Just a brief look at what's in this data. I'll start by filling in unknown data with average data

In [1]:
import pandas as pd
from sklearn.preprocessing import LabelEncoder
import seaborn as sns
import matplotlib.pyplot as plt
import numpy as np


maindata = pd.read_csv('../input/main_data.csv') 

#Fill in any null data
maindata['AoA'].fillna(maindata['AoA'].mean(),inplace=True)
maindata['VSoA'].fillna(maindata['VSoA'].mean(),inplace=True)
maindata['Freq'].fillna(maindata['Freq'].mean(),inplace=True)
maindata['CDS_freq'].fillna(maindata['CDS_freq'].mean(),inplace=True)
maindata['Lex_cat'].fillna('unknown',inplace=True)
maindata['Broad_lex'].fillna('unknown',inplace=True)
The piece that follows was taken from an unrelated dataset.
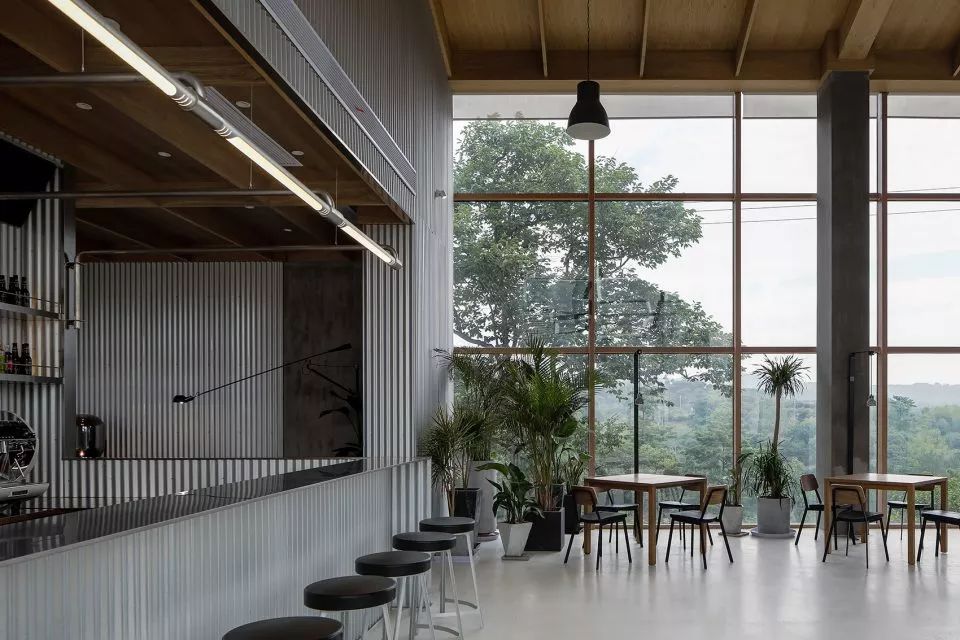 餐厅是本项目最具复杂性的空间。该空间包含了聚会、用餐、入住办理、洽谈等功能。 由三个高低不一的建筑组合而成,中段留有10米的挑高空间,两边是8米落地窗。面对繁茂的植被和图画感极强的自然景观,我们希望通过材料的物理性营造人工与自然的高强度碰撞以及一种直觉的、潜意识的、肌体上的平衡感。并在内部创造出与外部一样的开放性,提供一瞬间便令人印象深刻的休憩之所。

Let's see what kind of information is here

In [2]:
print(maindata.head(5))

I'll start by plotting the age that a word is learned (AoA) against the numeric values first like VSoA, Freq, and CDS_freq

In [3]:
sns.lmplot('VSoA','AoA',data=maindata, fit_reg=True)
sns.plt.title('Typical age to learn word vs how many other words are known at this age')
sns.plt.show()

In [4]:
sns.lmplot('Freq','AoA',data=maindata, fit_reg=True)
sns.plt.title('Typical age to learn word vs word frequency in Norwegian')
sns.plt.show()

In [5]:
sns.lmplot('CDS_freq','AoA',data=maindata, fit_reg=True)
sns.plt.title('Typical age to learn word vs how often this word is used when talking to children')
sns.plt.show()

Interesting. It's starting to look like the frequency of the word in the language does not influence how old a child is when they learn the word. Let's how the breakdown by word category looks

In [6]:
sns.boxplot(maindata['Broad_lex'],maindata['AoA'])
sns.plt.xticks(rotation=45)
sns.plt.show()


In [7]:
print(maindata[maindata['Broad_lex']=='games & routines']['Translation'].head(10))

In [8]:
print(maindata[maindata['Broad_lex']=='nominals']['Translation'].head(10))

In [9]:
print(maindata[maindata['Broad_lex']=='closed-class']['Translation'].head(10))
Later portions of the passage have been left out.